MACOITA, Formation

UPPER DEVONIAN ?

State of Zulia, Venezuela

Authors of name: Geologists of the Caribbean Petroleum Company (?).

Original reference: H. D. Hedberg and L. C. Sass, 1937, p. 79.

Original description: none published.

The name Macoíta was probably first used as a formation name by the geologists of the Caribbean Petroleum Company, who pioneered geologic surveys in the Perijá mountain front.

Hedberg and Sass (1937,p. 79) state that the "red shales, siltstones, and sandstones... well exposed on Río Macoíta", and populary referred to as the "Old Red Series", have been called "Macoíta formation". Liddle (1943, p. 19-20) says that the "Old Red Series" is not present on Río Macoíta, and uses the term Río Macoíta formation for the "Thinly-bedded, sandy, micaceous gray shales and dark-gray, evenly bedded, quarzitic, fine-grained sandstones which are well exposed on Río Macoíta", eliminating the application that Hedberg and Sass gave to the term Macoíta (which he erroneously cites as "Macoíta series").

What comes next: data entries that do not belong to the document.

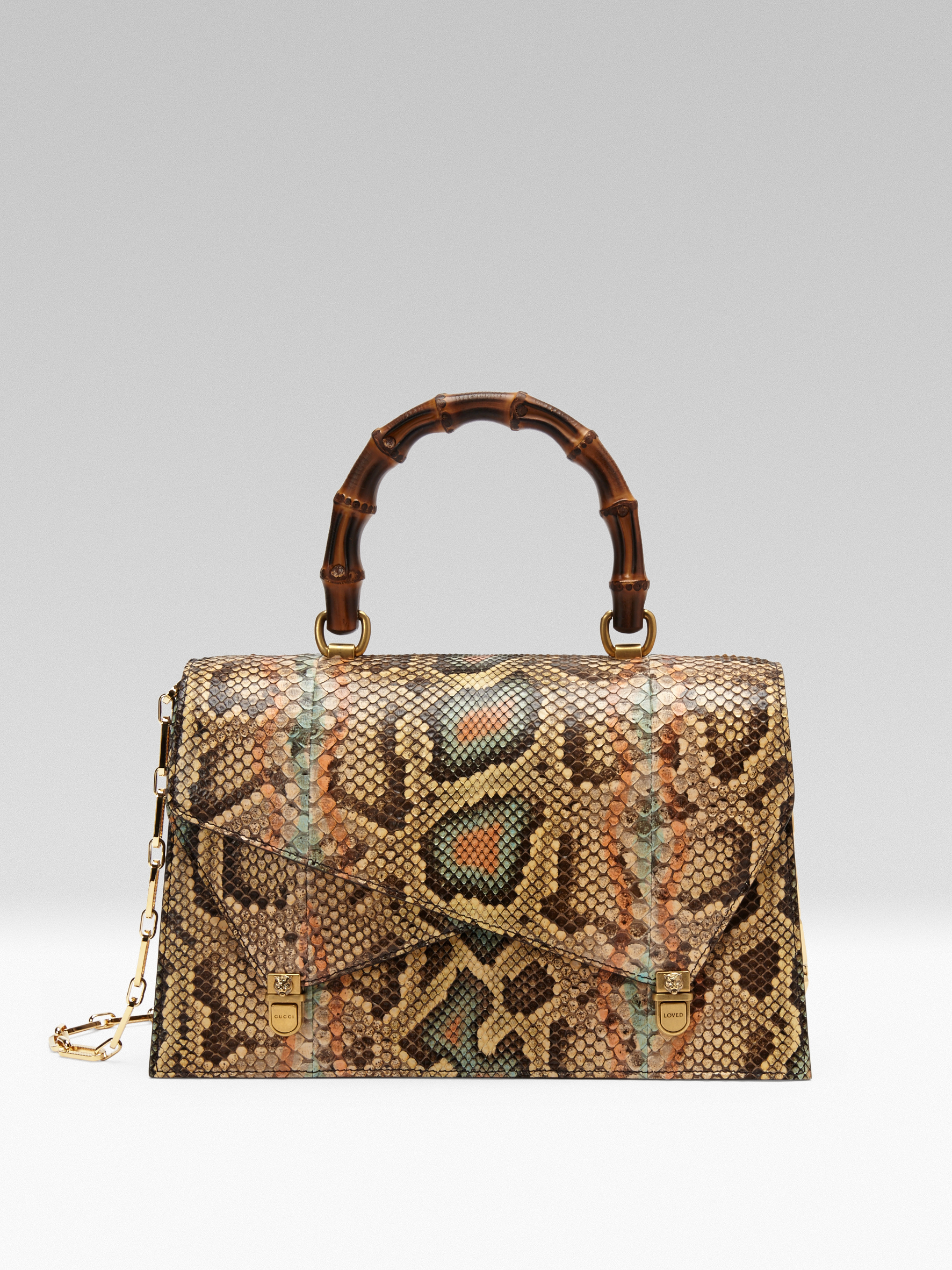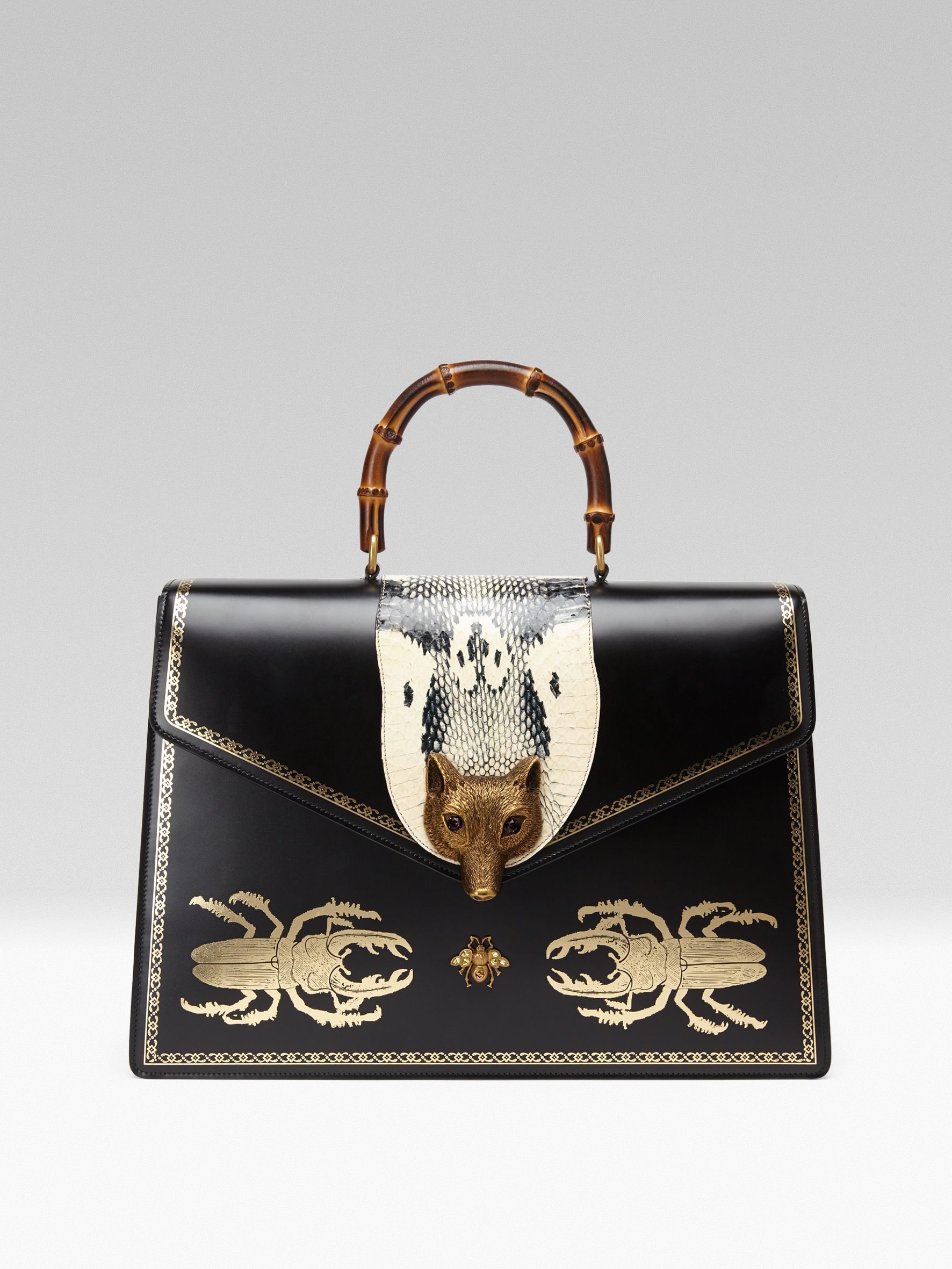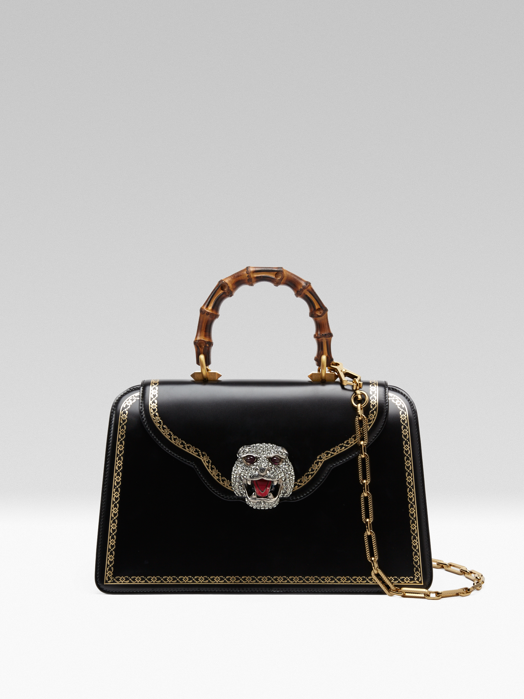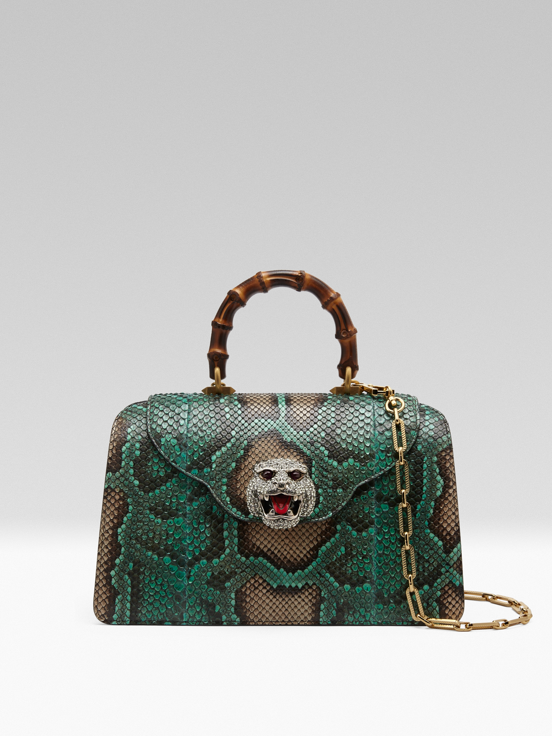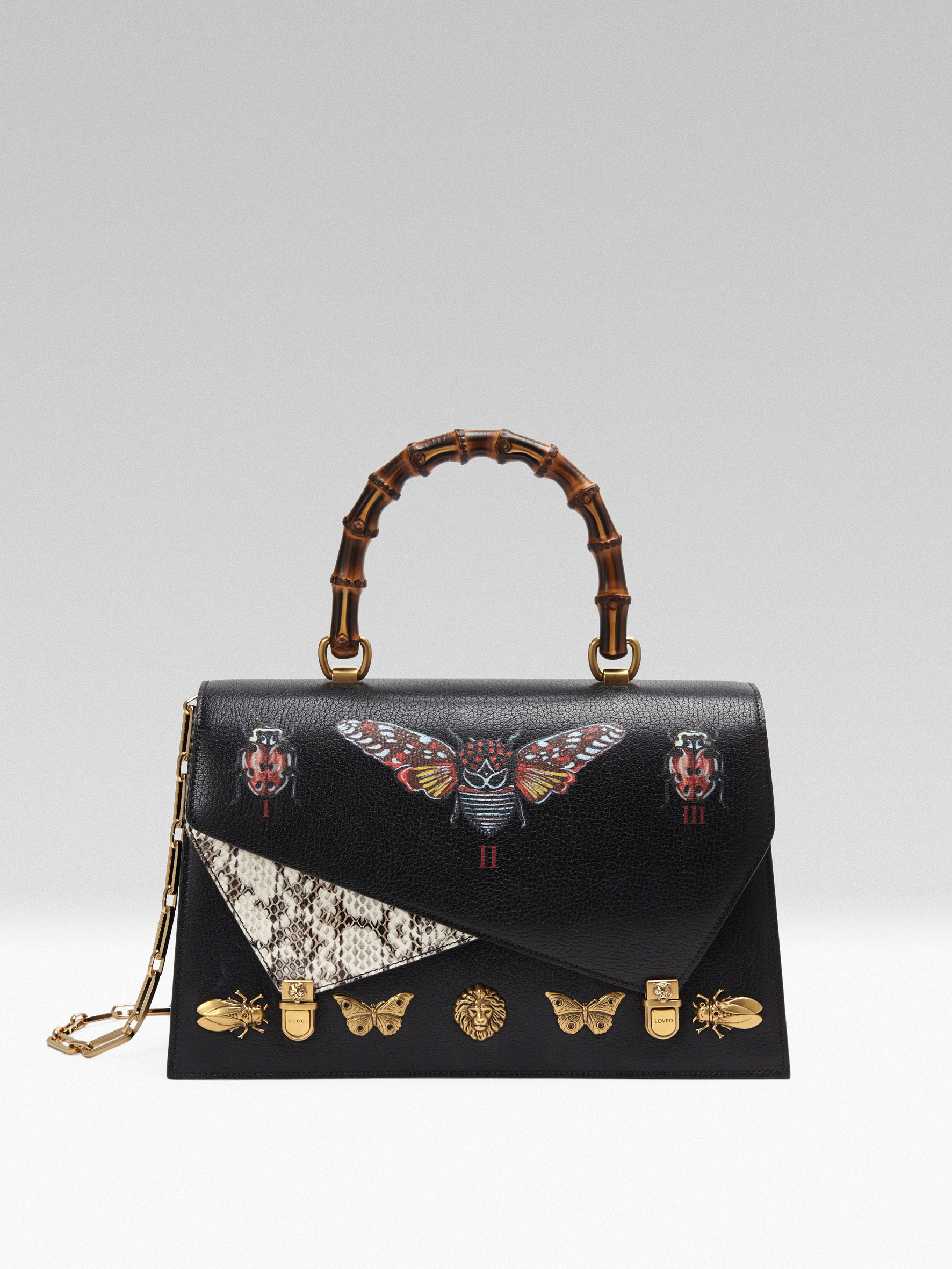Gucci выпустили новую коллекцию сумок с бамбуковой ручкой Bamboo – в этом году модель отмечает 70-летний юбилей. Классическая сумка доступна в красном, белом и черном цветах. Gucci также использовали редкие материалы: кожу крокодила и страуса. Помимо классической модели в коллекцию вошли три новых сумки Bamboo: со съемными ремешками и цепочками, украшенные металлическими бабочками, тиграми и лисами и вставками из змеиной кожи. В подарок к каждой сумке идет книга Джейн Остин «Ювенилия» обложке с цветочным принтом.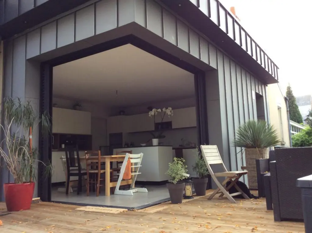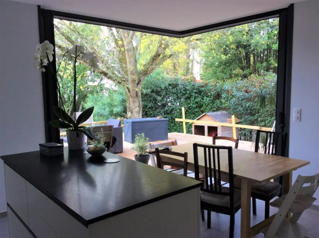 L’extension accueille la cuisine de cette maison, pièce de vie essentielle, elle bénéficie d’une grande baie vitrée donnant un accès direct et facile à la terrasse afin de profiter de l’extérieur depuis l’intérieur. Une fois ouverts, les vitrages disparaissent totalement et la vue sur le jardin n’est pas obstruée.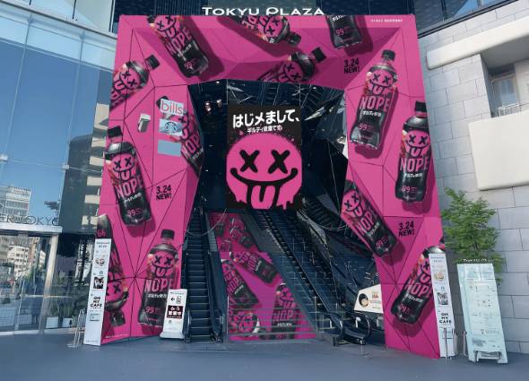 SNSでは、ノープの派手な宣伝施策も話題をさらった。久々の大型ブランドということもあり、過去の大型新ブランドと同等の予算を投じ、マーケティングを実施した。俳優の生田斗真さん、鈴鹿央士さん、芸人のアントニーさんを起用し、テレビCMをはじめ、交通広告や街中の看板、商業施設や自販機のラッピング、SNS投稿など、あらゆる手段で宣伝。その結果、発売1週間で出荷本数2000万本に達したという。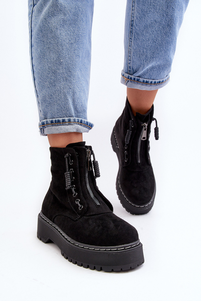 Zamszové Trapery Botky Dámské Na Tlusté Podešví Se Suwákem Černé Edivame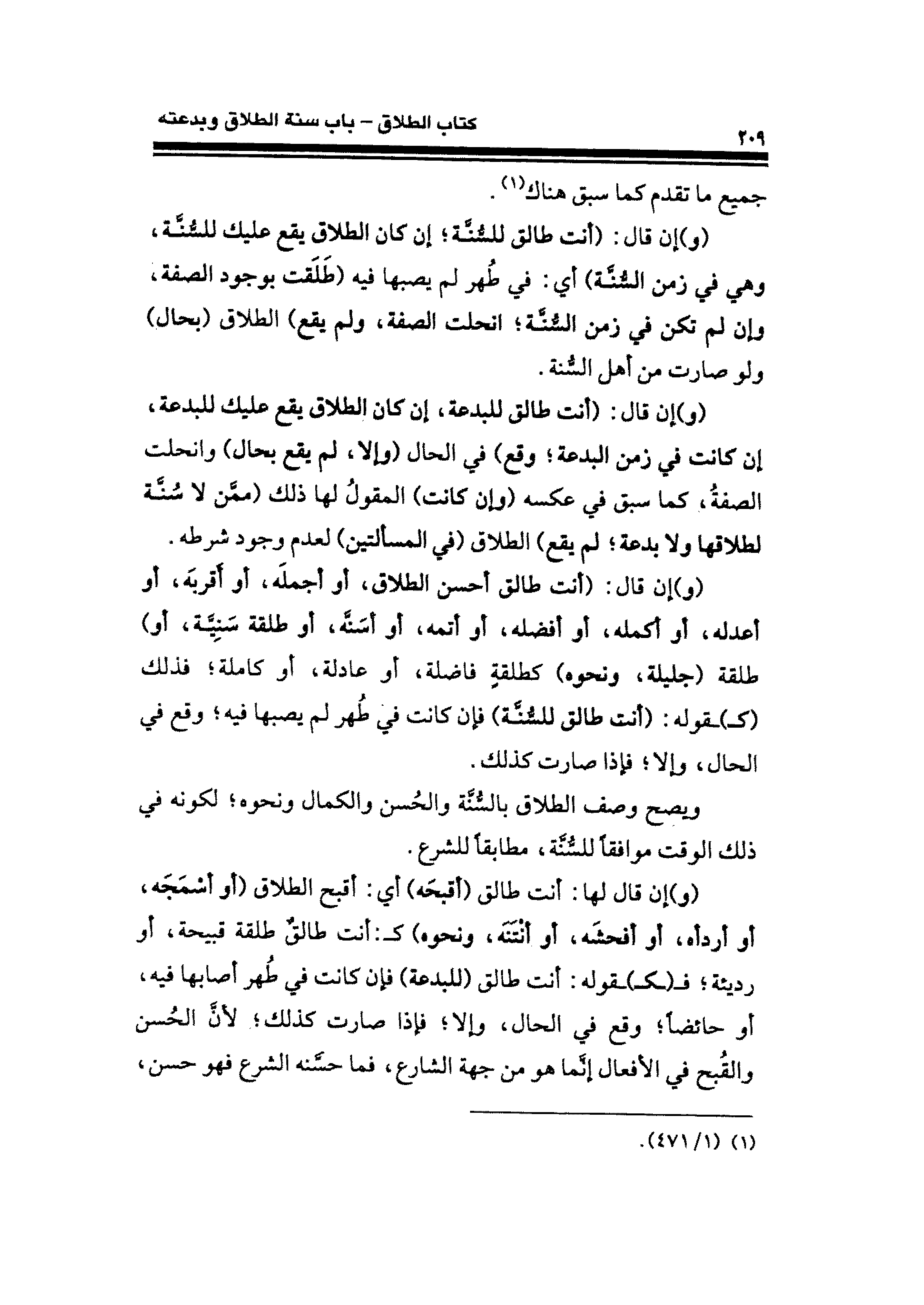 ويصح وصف الطلاق بالسنة والحُسن والكمال ونحوه؛ لكونه في ذلك الوقت موافقًا للسنة، مطابقًا للشرع.

The type section (Richmond Exploration Company private report) begins near the "matera" Alirán on the Río Macoíta and extends northwestward for about three kilometers, to a point about half a kilometer northwest of "hacienda" Puerto Nuevo.

"The Macoíta formation is composed predominantly of interbedded olive gray, calcareous, carbonaceous siltstone and medium-gray to olive tan, minutely cross-bedded, fine, arkosic sandstone. Bedding is regular, with thickness of individual strata varying from a decimeter to a half meter or more. The upper 200 to 300 meters is of brick-red siltstone, sandy siltstone, and red and green conglomerate stringers, in a red, sandy and silty matrix. Conglomerate pebbles are red, calcareous siltstone and pinkish-gray, siliceous porphyry." (W. K. Gealy, Richmond Exploration Company private report.)

The Macoíta formation is underlain by the Tinacoa formation, apparently conformably. From observations in the adjacent area, the upper contact, with the La Quinta formation, is known to be unconformable, although the unconformity is not readily apparent on Río Macoíta.

Structural complexity, particularly in the lower part, makes it difficult to measure the thickness of the Macoíta, but at least, 1000 meters is reported in the type area. The formation is recognized from a few kilometers south of the Río Macoíta to the Totumo area, about forty kilometers to the north. At the area to the south and west, the formation is veiled in structural complexity and there is a lack of geologic investigations.

No fossils have been found in the Macoíta formation, but it is correlated with the Campo Chico formation of the Río Cachirí area farther north, which Liddle (1943, p. 14, 19) assigns to the Upper Devonian on the basis of stratigraphic continuity (Río Cachirí series) with underlying strata carrying Lower and Middle Devonian fauna.